A lecture delivered by Abdesselam Cheddadi
with Richard Bulliet as discussant.
The celebration this year commemorating the 600th anniversary of the death of Ibn Khaldun, the preeminent Muslim philosopher and historian, offers an opportunity to reflect upon his work in relation to our own times, in particular to questions of globalization and empire. Although he lived and wrote during the 14th century, Ibn Khaldun’s work derives contemporary relevance from his comprehensive understanding of the social and political systems of his time, his knowledge of Islamic culture and heritage, and his place as one of the foremost historians of society and of man.
Abdesselam Cheddadi is professor in the Faculty of Educational Sciences at the University Muhammad V in Rabat, Morocco. He is a specialist on Islamic historiography and the cultural and political history of Morocco and is the author of Ibn Khaldûn: L’homme et le théoricien de la civilisation (Paris: Editions Gallimard, 2006).

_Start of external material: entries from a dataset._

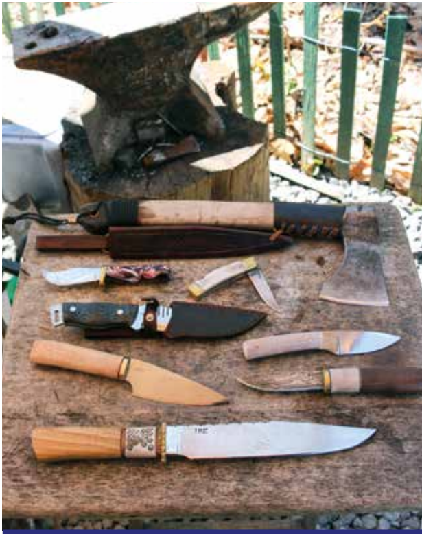
Les couteaux et étuis de William Mary-Pouliot sont des pièces uniques en leur genre.

Pour la production des lames, il utilise de l'acier carbone, car, explique-t-il, le carbone contribue à garder plus longtemps leur côté tranchant en plus de faire en sorte qu'elles ne rouilleront pas facilement. Les manches des couteaux sont faits de bois de certaines espèces d'arbre, de bois de cerf de Virginie, d'acrylique G-10 (genre de plastique) ou du même métal que les lames. Le manche de l'un de ses premiers couteaux a été fait avec le bois d'un cerf mort qu'il a trouvé au cours d'une de ses ex-
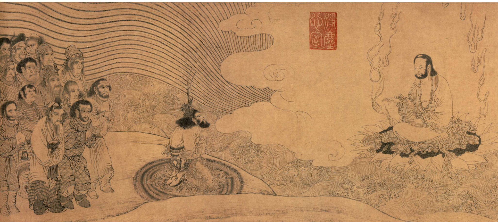
100. 宋 佚名 番王禮佛圖 紙本 水墨 縱34.4厘米 橫131.3厘米 故宮博物院藏

Foreign Kings Worshipping the Buddha Anonymous, Song Dynasty Ink on paper, 34.4 cm × 131.3 cm The Palace Museum
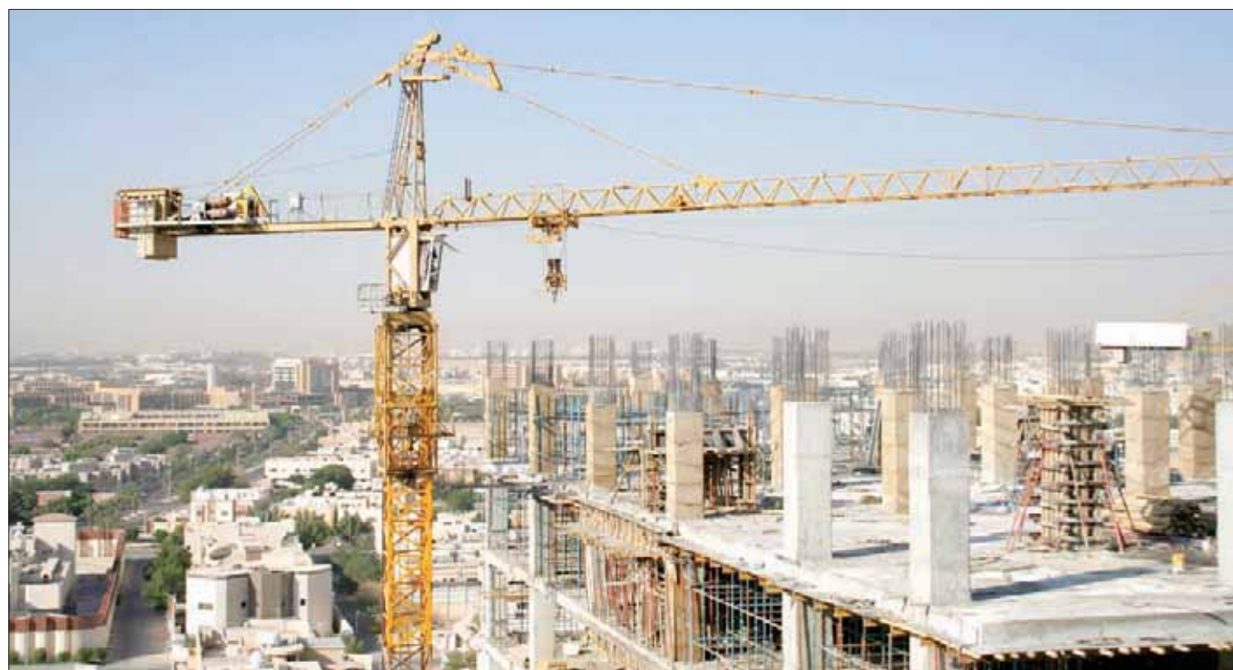
الرياض، فتح الرحمن يوسف

التقديرية الإجمالية للاستثمارات المنتشرة في هذا القطاع.
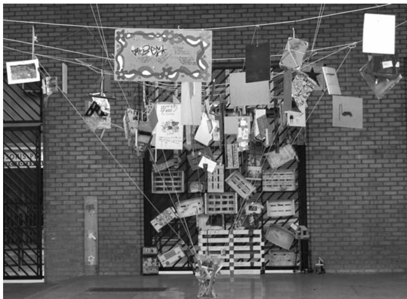
Figura 8: Escultura creada con el proyecto «fustetes».

Las estudiantes que estaban realizando el prácticum en la escuela organizaron una visita para que todos los estudiantes en formación y los profesores de maestros pudiéramos ver la escultura y trabajar sobre ella. Es como si finalizáramos tal y como iniciamos el proceso «las producciones creativas y artísticas de los alumnos» en un bucle recursivo organizativo. Un alumno de 6º de primaria de la escuela ilustró esta idea con un comentario en la visita a la Fundación Sorigué: «ahora hago una relación, comenzamos con Martí Guixé, hicimos nuestras maderas, nuestra escultura y ahora venimos aquí y vemos otras maderas, otra escultura de Gustavo Marrone». Estas palabras definen nuestro proyecto « Educ-arte - Educa (t) t »: espacio híbrido .
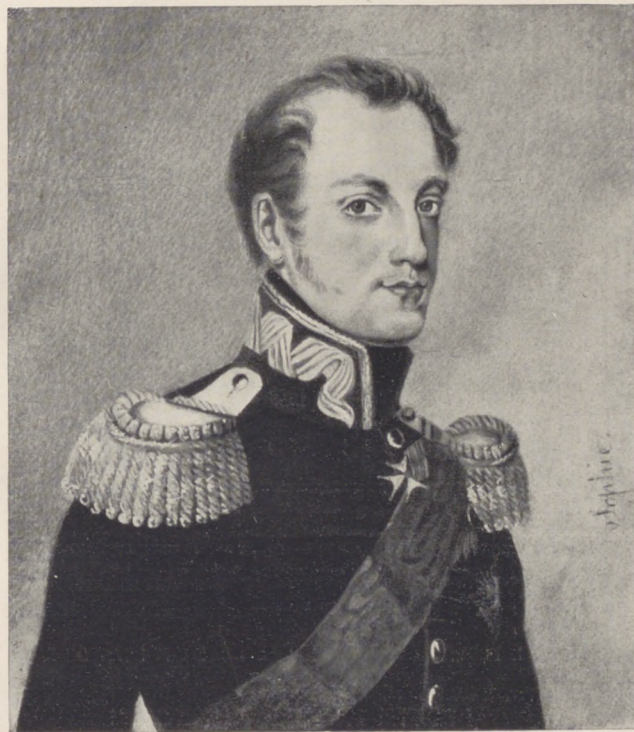
ИМПЕРАТОРЪ НИКОЛАЙ I ВЪ МУНДИРЬ ПОЛЬСКИХЪ ВОЙСКЪ.
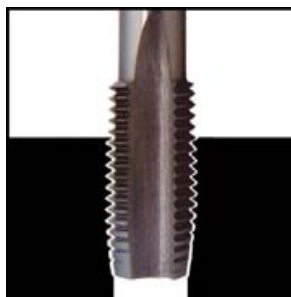
RE@EWE NA NAVOJ

Richard Bulliet is professor of history at the Middle East Institute at Columbia University, and author of The Case for Islamo-Christian Civilization (New York: Columbia University Press, 2004).
Remarks were delivered in English and French with interpretation.
WHEN: Tuesday, December 12, 2006 at 6:30 pm.
WHERE: La Maison Française of NYU, 16 Washington Mews (at University Place), New York, New York.